_Input for this task_
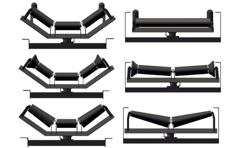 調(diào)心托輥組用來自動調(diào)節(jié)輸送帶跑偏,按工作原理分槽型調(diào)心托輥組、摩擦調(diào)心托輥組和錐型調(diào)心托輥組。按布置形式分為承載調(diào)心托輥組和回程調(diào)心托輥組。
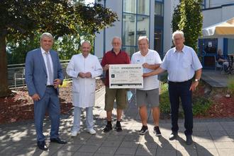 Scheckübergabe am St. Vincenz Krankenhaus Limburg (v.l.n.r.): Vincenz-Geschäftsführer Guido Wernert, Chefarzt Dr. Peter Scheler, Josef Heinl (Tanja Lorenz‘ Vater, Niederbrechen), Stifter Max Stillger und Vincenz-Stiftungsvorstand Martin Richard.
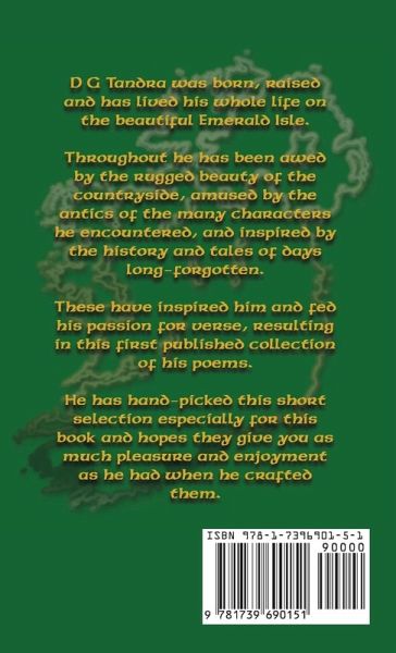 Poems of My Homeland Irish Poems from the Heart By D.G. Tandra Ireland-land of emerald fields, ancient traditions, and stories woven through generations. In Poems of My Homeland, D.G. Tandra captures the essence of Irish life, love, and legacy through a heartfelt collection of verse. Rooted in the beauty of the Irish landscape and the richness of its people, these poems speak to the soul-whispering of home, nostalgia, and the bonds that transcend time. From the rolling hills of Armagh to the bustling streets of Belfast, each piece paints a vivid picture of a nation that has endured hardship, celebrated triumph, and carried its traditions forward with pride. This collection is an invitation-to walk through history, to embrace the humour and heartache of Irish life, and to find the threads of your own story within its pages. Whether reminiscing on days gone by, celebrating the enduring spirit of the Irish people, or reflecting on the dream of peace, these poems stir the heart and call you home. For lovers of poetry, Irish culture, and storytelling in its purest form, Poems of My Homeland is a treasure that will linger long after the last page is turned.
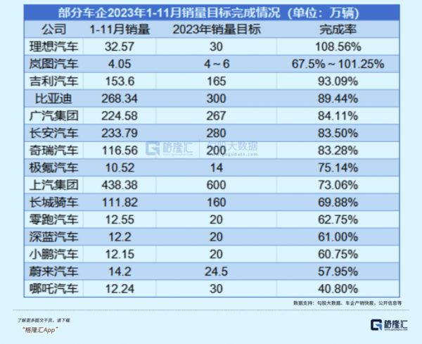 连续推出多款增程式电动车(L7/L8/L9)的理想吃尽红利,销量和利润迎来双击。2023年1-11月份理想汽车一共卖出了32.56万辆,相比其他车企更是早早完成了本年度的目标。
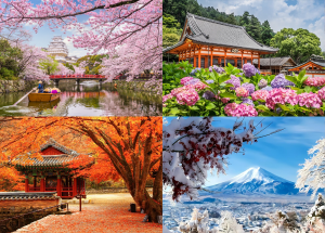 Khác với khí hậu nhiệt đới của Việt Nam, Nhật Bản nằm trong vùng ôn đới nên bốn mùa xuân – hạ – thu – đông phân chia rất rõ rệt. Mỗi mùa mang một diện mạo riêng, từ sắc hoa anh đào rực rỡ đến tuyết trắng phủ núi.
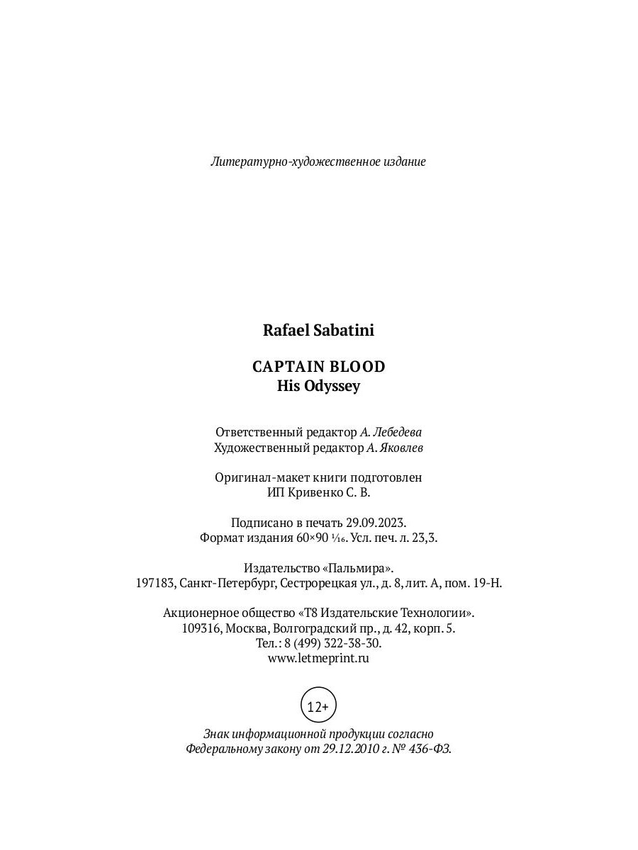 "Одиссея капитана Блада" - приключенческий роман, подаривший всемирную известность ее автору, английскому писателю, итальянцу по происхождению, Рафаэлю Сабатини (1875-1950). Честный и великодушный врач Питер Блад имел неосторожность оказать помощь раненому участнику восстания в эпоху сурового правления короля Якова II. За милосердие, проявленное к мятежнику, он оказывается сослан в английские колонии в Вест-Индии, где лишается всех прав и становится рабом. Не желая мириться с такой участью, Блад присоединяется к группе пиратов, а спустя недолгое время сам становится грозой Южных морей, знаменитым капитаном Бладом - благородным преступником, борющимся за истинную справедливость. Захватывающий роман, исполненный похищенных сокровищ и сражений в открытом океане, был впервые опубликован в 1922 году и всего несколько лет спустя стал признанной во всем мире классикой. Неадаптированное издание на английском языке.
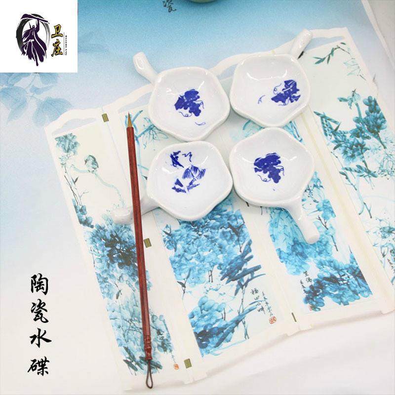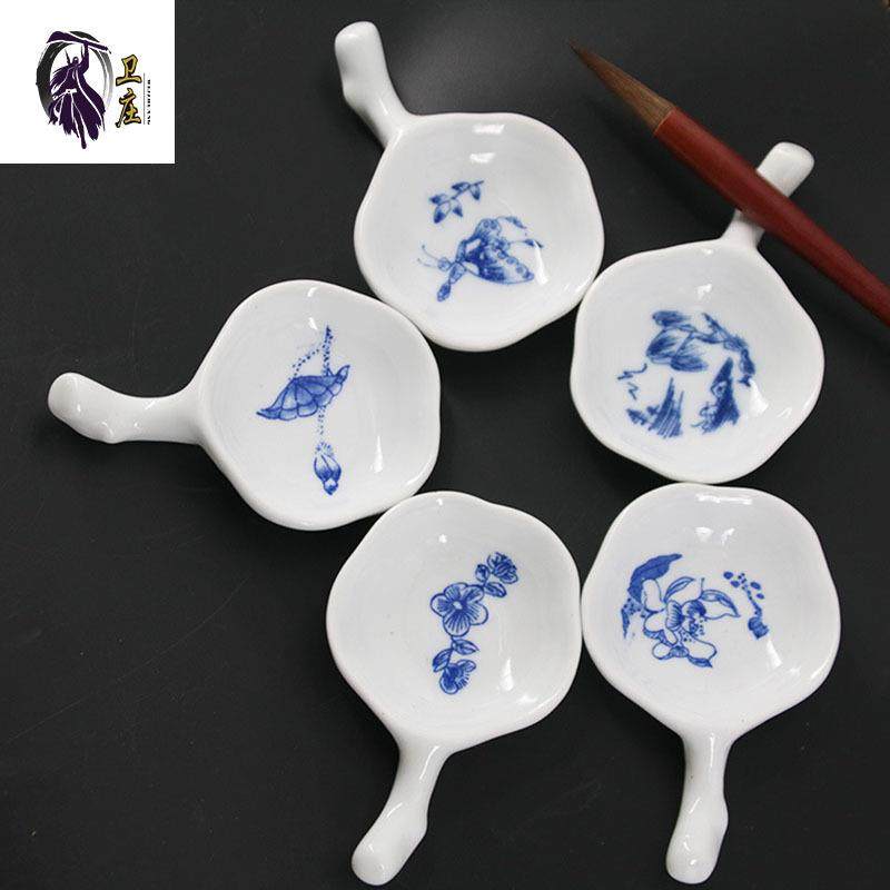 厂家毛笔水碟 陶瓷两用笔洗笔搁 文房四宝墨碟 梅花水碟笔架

==

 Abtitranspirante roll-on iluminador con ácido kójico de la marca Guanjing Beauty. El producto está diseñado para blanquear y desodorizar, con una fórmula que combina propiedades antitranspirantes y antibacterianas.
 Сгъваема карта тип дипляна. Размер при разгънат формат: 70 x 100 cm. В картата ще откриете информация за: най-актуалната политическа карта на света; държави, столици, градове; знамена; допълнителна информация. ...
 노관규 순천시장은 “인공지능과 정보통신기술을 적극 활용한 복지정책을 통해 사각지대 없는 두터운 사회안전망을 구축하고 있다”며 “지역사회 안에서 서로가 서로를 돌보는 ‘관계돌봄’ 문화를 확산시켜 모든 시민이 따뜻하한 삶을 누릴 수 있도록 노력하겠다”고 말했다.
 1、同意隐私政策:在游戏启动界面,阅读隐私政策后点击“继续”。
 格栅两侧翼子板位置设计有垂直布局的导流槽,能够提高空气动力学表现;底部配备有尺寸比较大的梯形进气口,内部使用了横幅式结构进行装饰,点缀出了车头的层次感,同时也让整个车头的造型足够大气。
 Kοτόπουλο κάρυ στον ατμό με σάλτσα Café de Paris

_Work item_
Going back over the entries above, copy word for word every line from the one that has "Abtitranspirante roll-on iluminador" on through the one that has "Kοτόπουλο κάρυ στον".

_Answer box_
 Abtitranspirante roll-on iluminador con ácido kójico de la marca Guanjing Beauty. El producto está diseñado para blanquear y desodorizar, con una fórmula que combina propiedades antitranspirantes y antibacterianas.
 Сгъваема карта тип дипляна. Размер при разгънат формат: 70 x 100 cm. В картата ще откриете информация за: най-актуалната политическа карта на света; държави, столици, градове; знамена; допълнителна информация. ...
 노관규 순천시장은 “인공지능과 정보통신기술을 적극 활용한 복지정책을 통해 사각지대 없는 두터운 사회안전망을 구축하고 있다”며 “지역사회 안에서 서로가 서로를 돌보는 ‘관계돌봄’ 문화를 확산시켜 모든 시민이 따뜻하한 삶을 누릴 수 있도록 노력하겠다”고 말했다.
 1、同意隐私政策:在游戏启动界面,阅读隐私政策后点击“继续”。
 格栅两侧翼子板位置设计有垂直布局的导流槽,能够提高空气动力学表现;底部配备有尺寸比较大的梯形进气口,内部使用了横幅式结构进行装饰,点缀出了车头的层次感,同时也让整个车头的造型足够大气。
 Kοτόπουλο κάρυ στον ατμό με σάλτσα Café de Paris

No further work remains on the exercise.